→ ASSIGNMENT
Among the lines below, a stretch begins at the one with "1950s Struttura in" and ends at the one with "Урологическая лента Dallop". Repeat that stretch exactly, ends included.

→ DATA LISTING
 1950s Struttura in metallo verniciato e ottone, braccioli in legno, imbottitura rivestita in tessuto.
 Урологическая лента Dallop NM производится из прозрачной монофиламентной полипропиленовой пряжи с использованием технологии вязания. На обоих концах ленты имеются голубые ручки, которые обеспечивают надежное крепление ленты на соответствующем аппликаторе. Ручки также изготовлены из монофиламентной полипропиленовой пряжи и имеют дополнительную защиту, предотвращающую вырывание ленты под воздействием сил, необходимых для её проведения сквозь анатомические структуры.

---

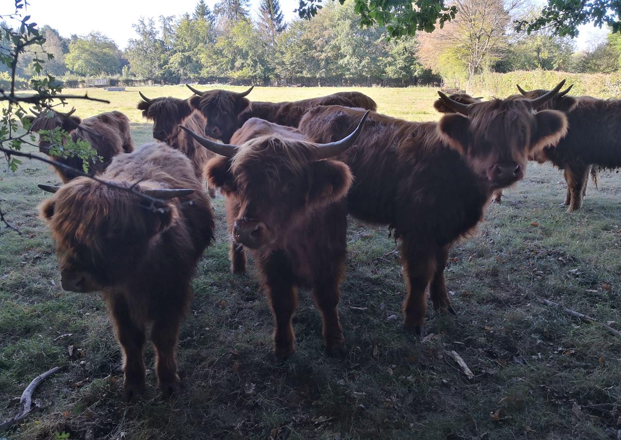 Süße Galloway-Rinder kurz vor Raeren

==

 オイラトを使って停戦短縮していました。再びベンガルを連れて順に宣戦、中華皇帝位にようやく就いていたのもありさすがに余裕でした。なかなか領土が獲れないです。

→ EXERCISE RESULT
 1950s Struttura in metallo verniciato e ottone, braccioli in legno, imbottitura rivestita in tessuto.
 Урологическая лента Dallop NM производится из прозрачной монофиламентной полипропиленовой пряжи с использованием технологии вязания. На обоих концах ленты имеются голубые ручки, которые обеспечивают надежное крепление ленты на соответствующем аппликаторе. Ручки также изготовлены из монофиламентной полипропиленовой пряжи и имеют дополнительную защиту, предотвращающую вырывание ленты под воздействием сил, необходимых для её проведения сквозь анатомические структуры.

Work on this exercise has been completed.